The Last Drop of Jeju
Our last day on Jeju. No pomp, no ceremony—just a quiet, inevitable goodbye. We had one final stop before packing our bags: Cheonjiyeon Waterfall (천지연폭포), a place that felt more like a secret whispered through the trees than a tourist attraction.
One of our team members had been injured back in Seoul, so we worried the hike would be too much. But calling it a “hike” was a stretch. The path was wide, shaded, and mercifully forgiving, a gentle walk that followed a river so clear it looked like someone had turned the saturation up too high. Mist rose off the surface, catching in the thick, humid air, and turtles bobbed lazily in the shallows. Even with the summer heat, the cool water and canopy of trees kept the place feeling calm, almost sacred.

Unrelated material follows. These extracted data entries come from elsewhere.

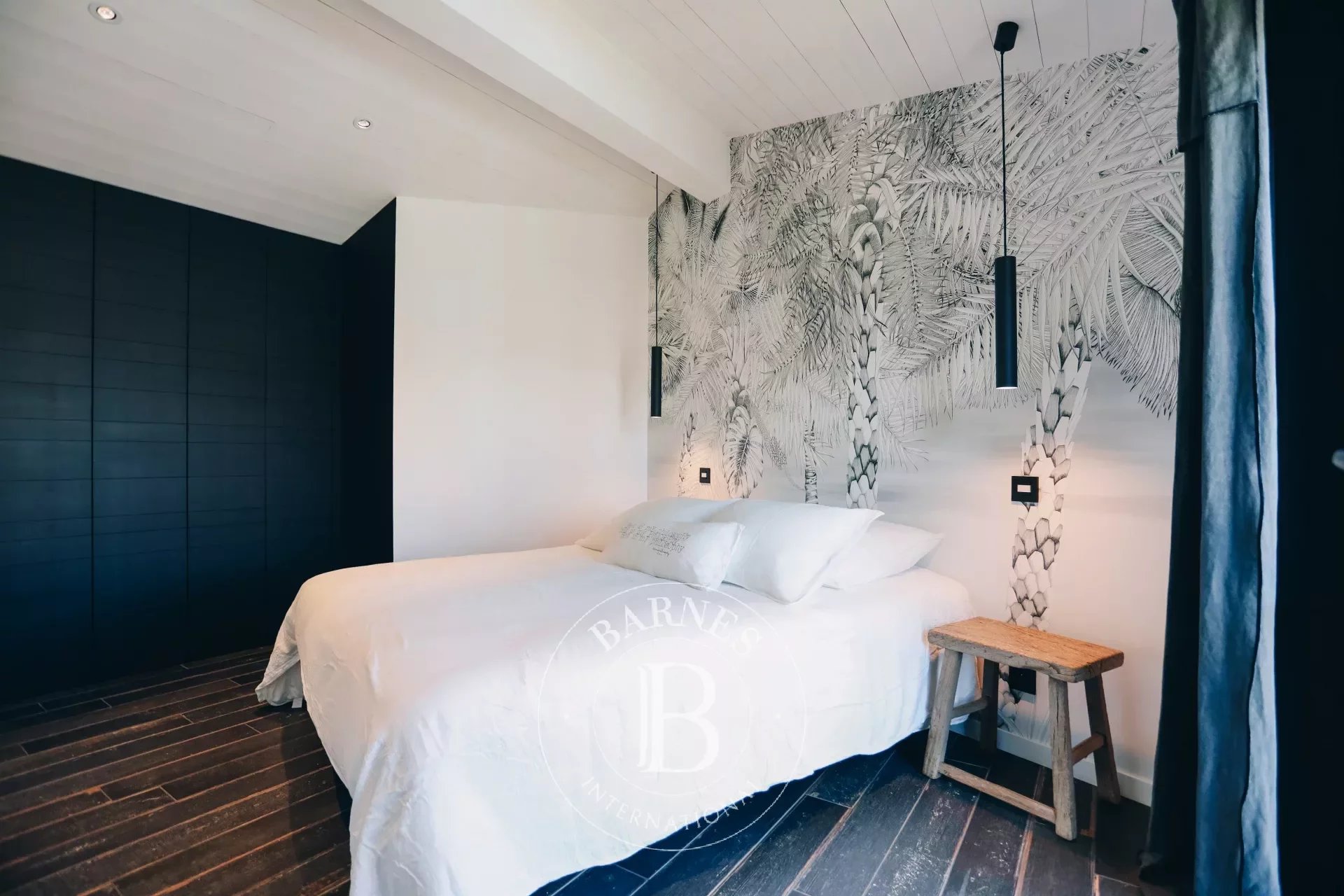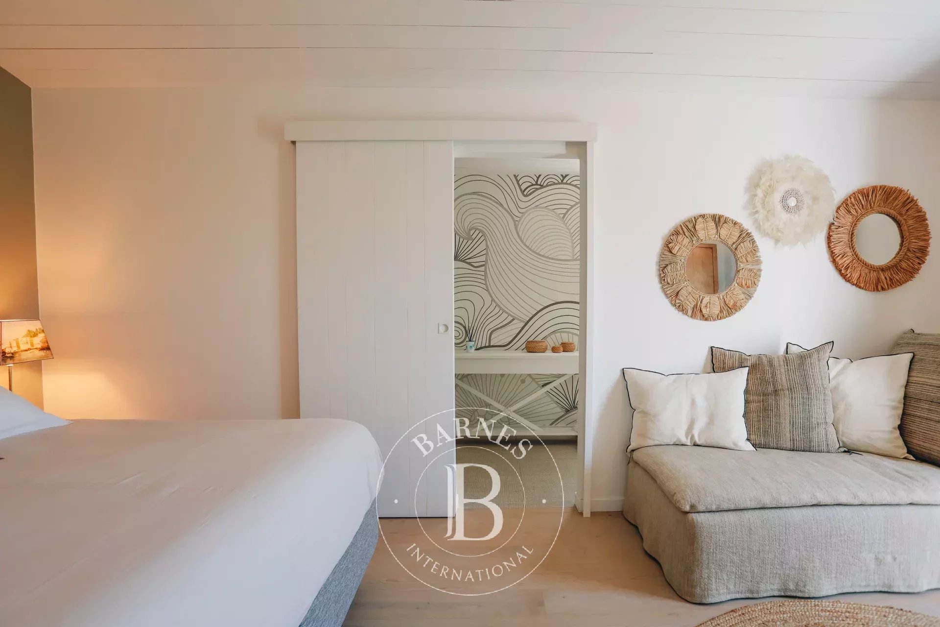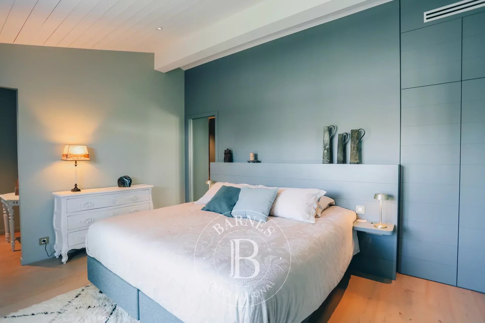 La propriété, entièrement de plain pied et d'environ 220m², possède de nombreuses touches artistiques avec ses tableaux, son jardin paysager, ses enceintes ultra haute performance ou encore sa literie de qualité Palace.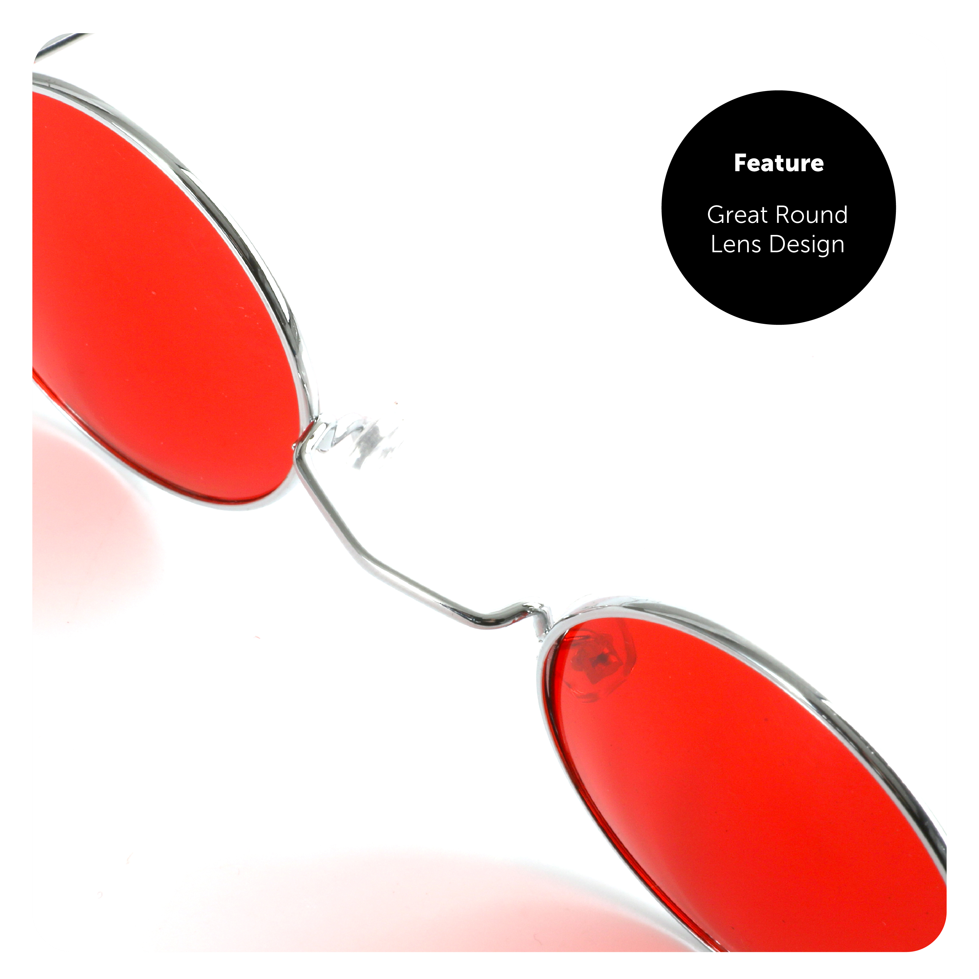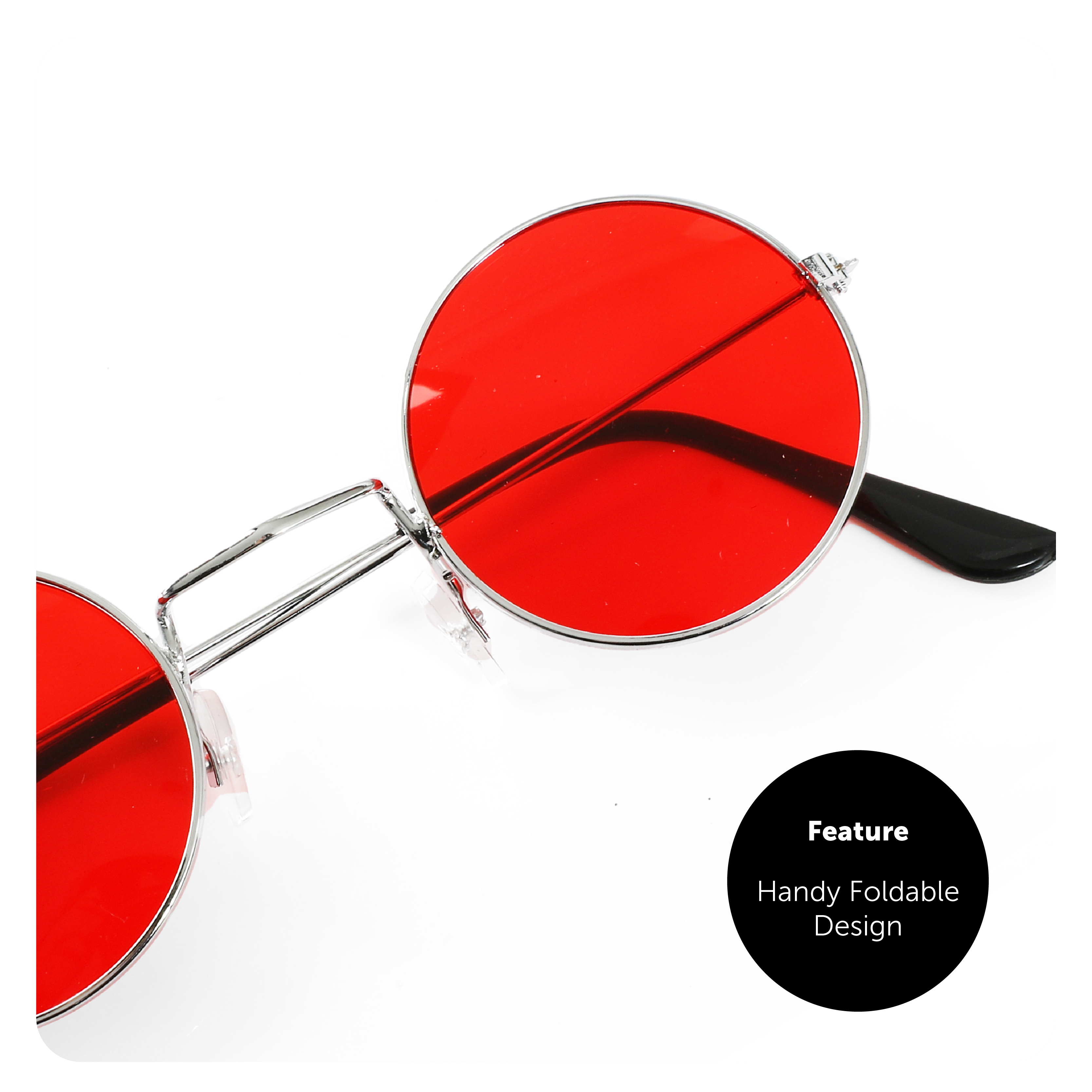 ROUND RED HIPPY GLASSES DETAILS: Your Round Red Hippy Glasses have Red Lenses with a round circular rim frame design, that will comfortably sit on anyone’s face no matter what age or size you may be!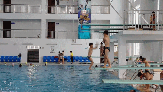 上午的训练结束,孩子们陆续走下跳台,离开泳池,他们的天性完全释放。他们疯跑,他们嬉闹,迅速跑到食堂认真“干饭”。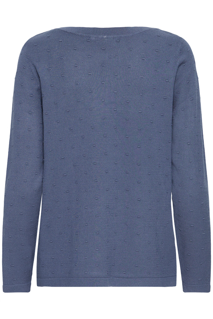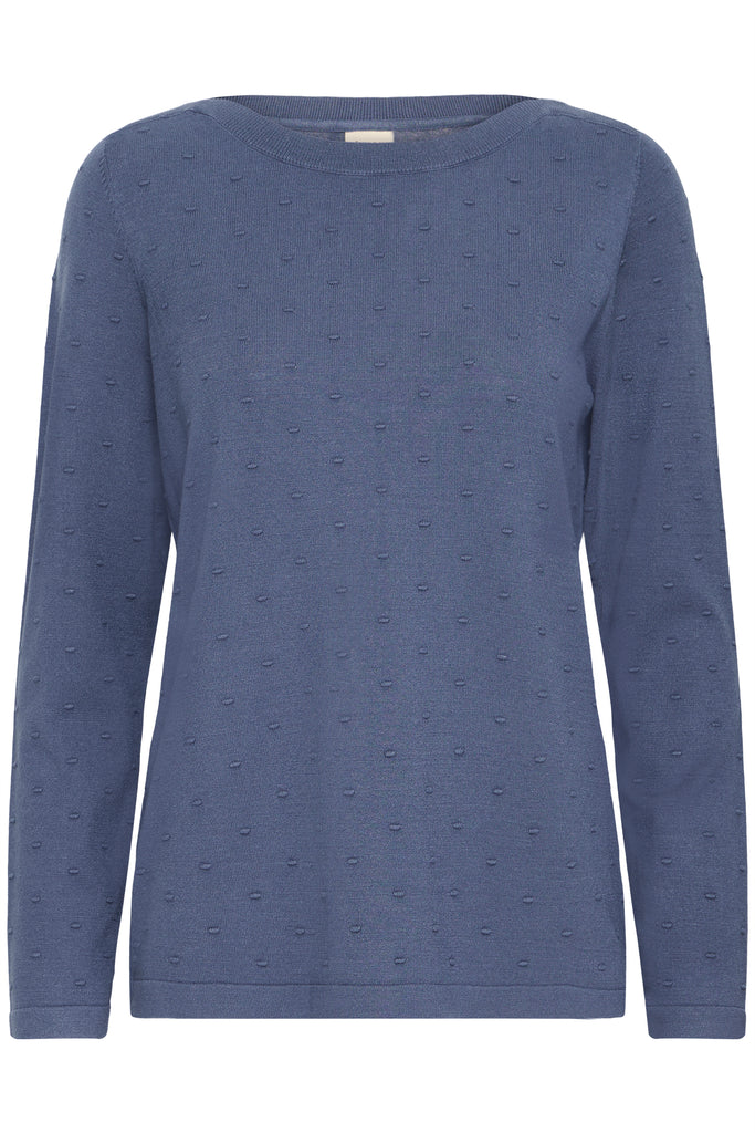 Elevate your wardrobe with the Karianne Jumper in Blue, featuring expertly crafted textured darts that add subtle dimension and style. Made from a soft, cosy knit, this jumper offers long sleeves for extra warmth and comfort. Perfect for layering or wearing on its own, it combines effortless elegance with everyday comfort.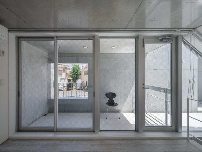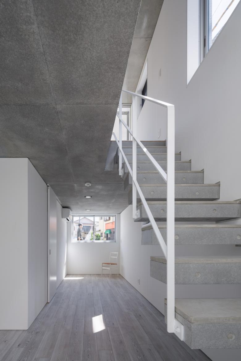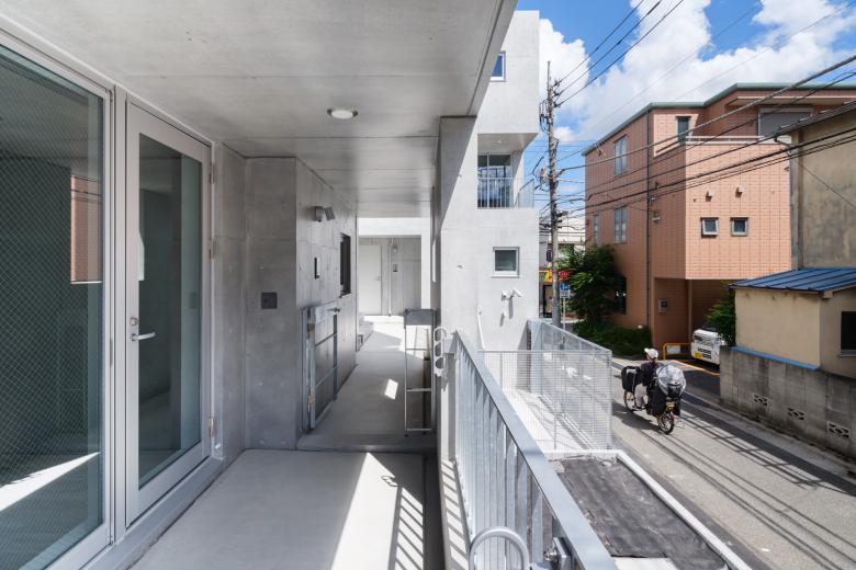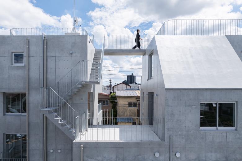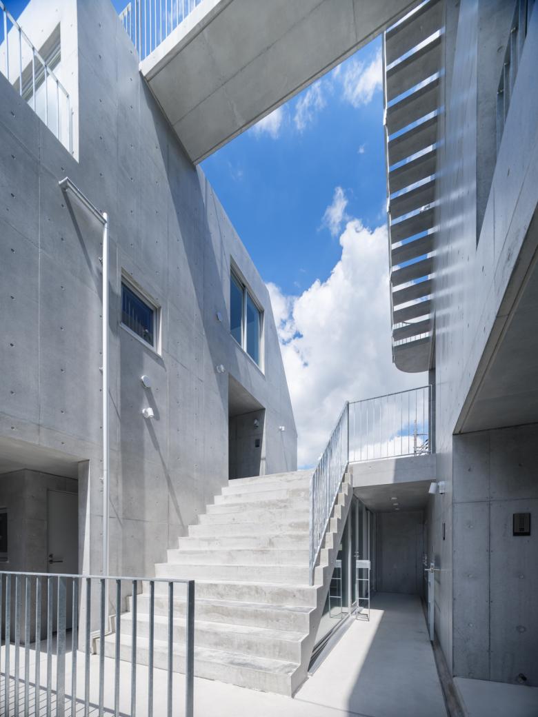 各住戸へのアプローチは上空が開放された階段状の基壇に上るので、一度住人がその場に集まるが、一方でそこからは各住戸へ独立した入口をもつ。コモンとプライベートが重なったような場所である。階段状の基壇は建築化された外部なので、共用部をもたない厳密な意味での長屋の形式とはいえない。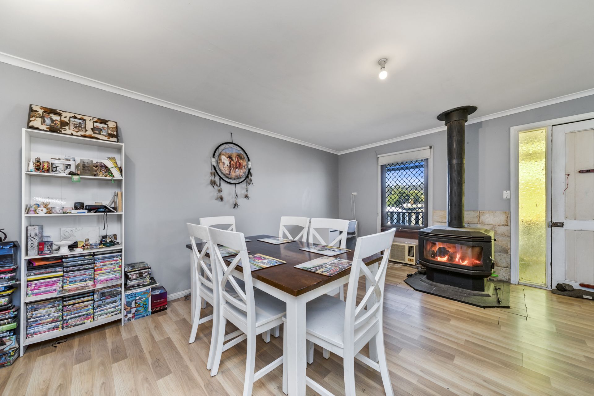 Woodfire combustion heating plus reverse cycle air conditioning.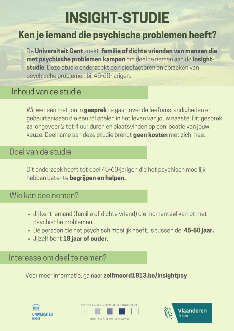Aan de Eenheid voor Zelfmoordonderzoek (UGent) loopt momenteel de Insight-studie, een onderzoek naar zelfdoding bij 45-60 jarigen. Hiervoor is men op zoek naar nabestaanden die iemand verloren zijn door zelfdoding en mensen die iemand kennen die het psychisch moeilijk heeft. U kunt deze studie mee bekend maken door infofiches te verspreiden.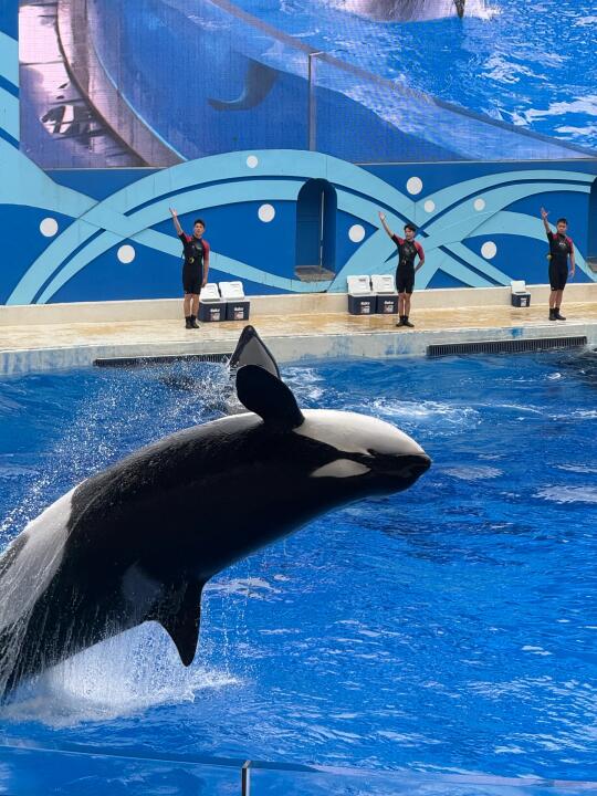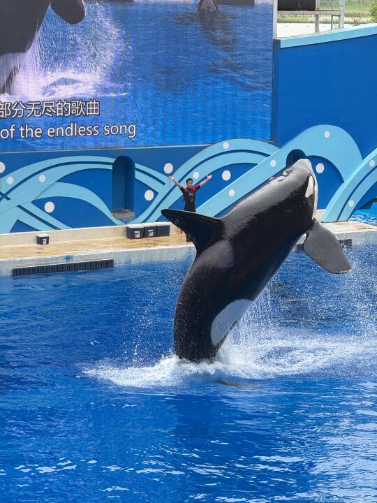 被虎鲸🐳泼水💦和海洋动物近距离接触💦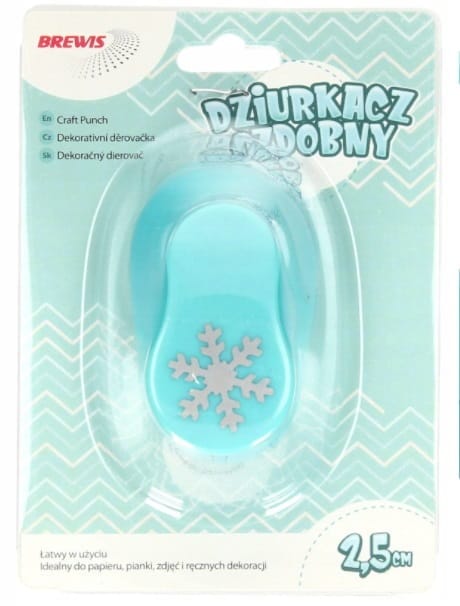 Prosty w obsłudze dziurkacz, który doskonale sprawdzi się w dziurkowaniu papieru lub pianki. Nieoceniona pomoc przy tworzeniu kartek okolicznościowych, ozdobnych kopert oraz różnego rodzaju dekoracji.Kształt-śnieżynka.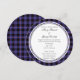O convite personalizável para o casamento escocês através de um dos tartans escoceses do nome Dunlap. As informações personalizáveis do convite de casamento são enquadradas no centro de um convite redondo. Isto é perfeito para casamentos de destino, casamentos com patrimônio familiar ou casamentos temáticos escoceses. Se quiser que outro tartan não seja mostrado aqui, por favor sinta-se à vontade para me enviar uma mensagem. Forneça o número de referência STA para o padrão tartan que você gostaria, se possível.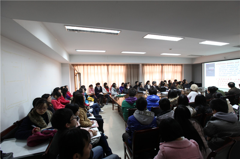 12月4日上午,应外国语学院的邀请,河南大学校长助理、博士生导师张克定教授在舜耕校区国际交流中心601室作了一场题为“科研与创新”的学术报告。张克定教授兼任中国语用学研究会副会长、中国功能语言学研究会常务理事、中国认知语言学研究会常务理事、中国英语教学研究会常务理事等学术职务。主要研究方向为功能语言学、语用学、对比语言学。主持国家级和省部级研究课题多项,在《外语教学与研究》、《外国语》等一流期刊发表多篇学术论文,出版《英汉语信息结构对比研究》等多部重要著作,并多次获得河南省社科优秀成果奖一等奖。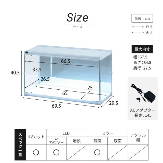 ジェイステージ jstage j-stage フィギュアケース コレクションケース ディスプレイケース アクリルケース UVカット 紫外線カット アクリル フィギュア フィギア ガンプラ モンコレ 一番くじ ゴジラ 色あせ防止 大型 でかい 積み重ね 横型 横型タイプ 卓上 安い おしゃれ 人気 約 幅70 高さ40 奥行30 cm 背景ミラー ミラー 鏡 LED ライト 照明 led照明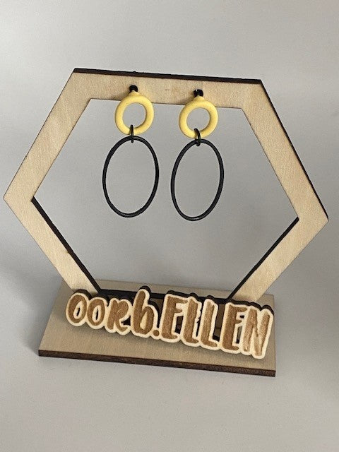 zwarte ellips aan pastelgeel ovalen knopje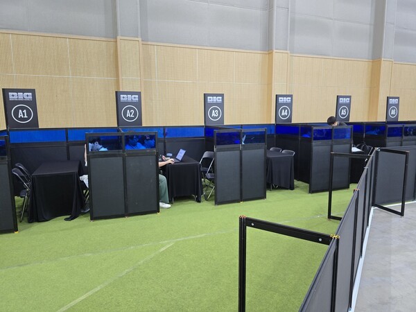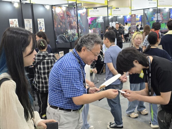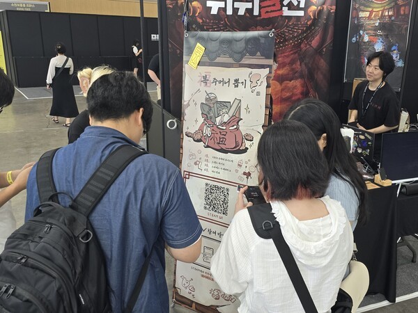 BIC 2025 행사장에 입장하면 만날 수 있는 모습이다. 특히 일부 인디 게임 개발자들은 입구에서부터 안내문이나 가방, 부채 등을 나눠주며 미리 게임에 대해 홍보하고 부스 방문을 독려하고 있었다.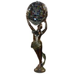 Art Nouveau lady figurines cast in white metal with dark patina finish. Holding spheres that must have had ribbons attached. Left and right sides. At 48" in height and 12" wide. The ...

Anna, our guide, took the opportunity to share more of Jeju’s myths with us—legends of the 돌하르방, or "stone grandpas," those round-faced guardians of the island whose bulbous noses, when rubbed, supposedly bring a son to expectant parents. Less well-known but far more powerful in spirit were the stone grandmothers, statues bent with the weight of centuries, representing the women of Jeju who had sustained the island, working themselves raw to provide for their families.
Then, finally, the falls. Cheonjiyeon revealed itself in a rush of white water crashing into a pool of impossible jade-green. The sound alone was enough to drown out the noise of the world, leaving only the weight of the moment and the sheer presence of nature. We stood there, damp from the mist, eyes locked on the endless motion of the falls, knowing that no photo could ever do justice to what we felt.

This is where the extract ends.